→ **Exercise instructions**:
From the first line of the listing below to the line with "近期,佛山市信用管理協會對2", print each line exactly, and nothing more. Leave out the pictures.

[[ Supplied information open ]]

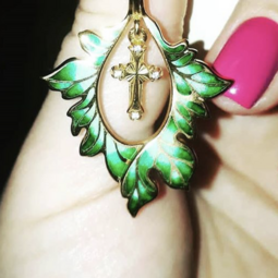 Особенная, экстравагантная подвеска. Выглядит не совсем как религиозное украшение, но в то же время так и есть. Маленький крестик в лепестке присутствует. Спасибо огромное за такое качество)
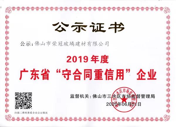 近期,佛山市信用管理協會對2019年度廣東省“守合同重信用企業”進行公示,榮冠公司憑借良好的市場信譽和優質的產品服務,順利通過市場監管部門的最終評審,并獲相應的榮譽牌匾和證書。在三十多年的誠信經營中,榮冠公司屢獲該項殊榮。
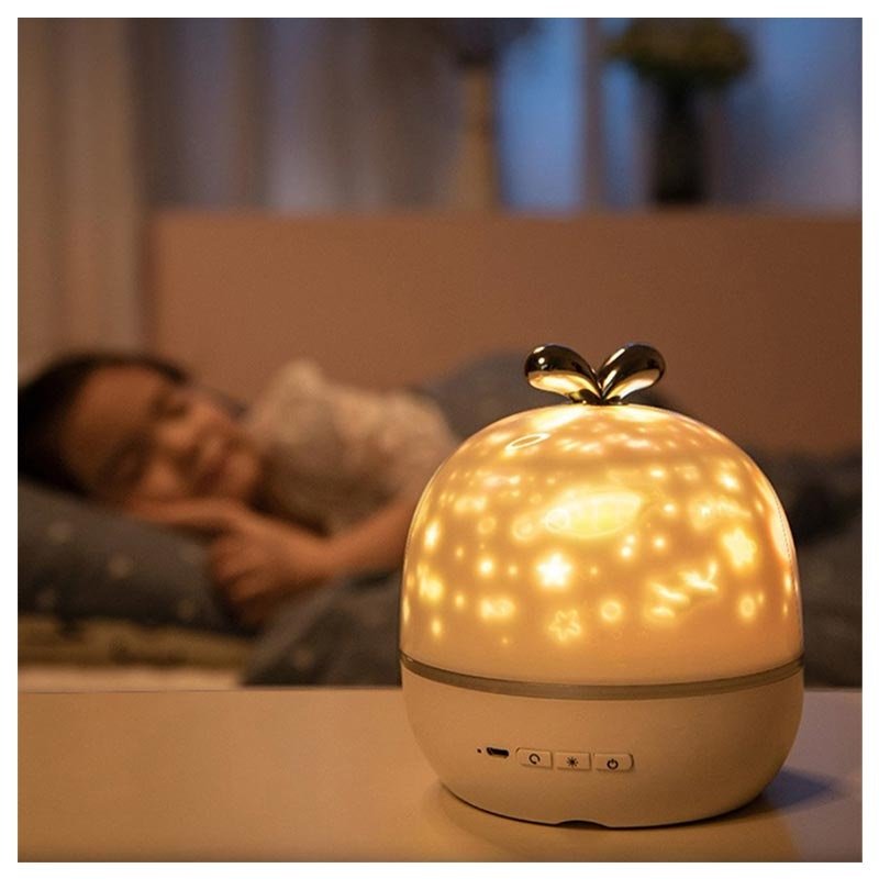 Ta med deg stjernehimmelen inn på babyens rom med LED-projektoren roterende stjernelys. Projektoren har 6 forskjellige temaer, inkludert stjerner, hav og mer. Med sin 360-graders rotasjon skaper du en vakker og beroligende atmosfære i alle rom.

[[ Supplied information closed ]]

→ **Answer for the task**:
 Особенная, экстравагантная подвеска. Выглядит не совсем как религиозное украшение, но в то же время так и есть. Маленький крестик в лепестке присутствует. Спасибо огромное за такое качество)
 近期,佛山市信用管理協會對2019年度廣東省“守合同重信用企業”進行公示,榮冠公司憑借良好的市場信譽和優質的產品服務,順利通過市場監管部門的最終評審,并獲相應的榮譽牌匾和證書。在三十多年的誠信經營中,榮冠公司屢獲該項殊榮。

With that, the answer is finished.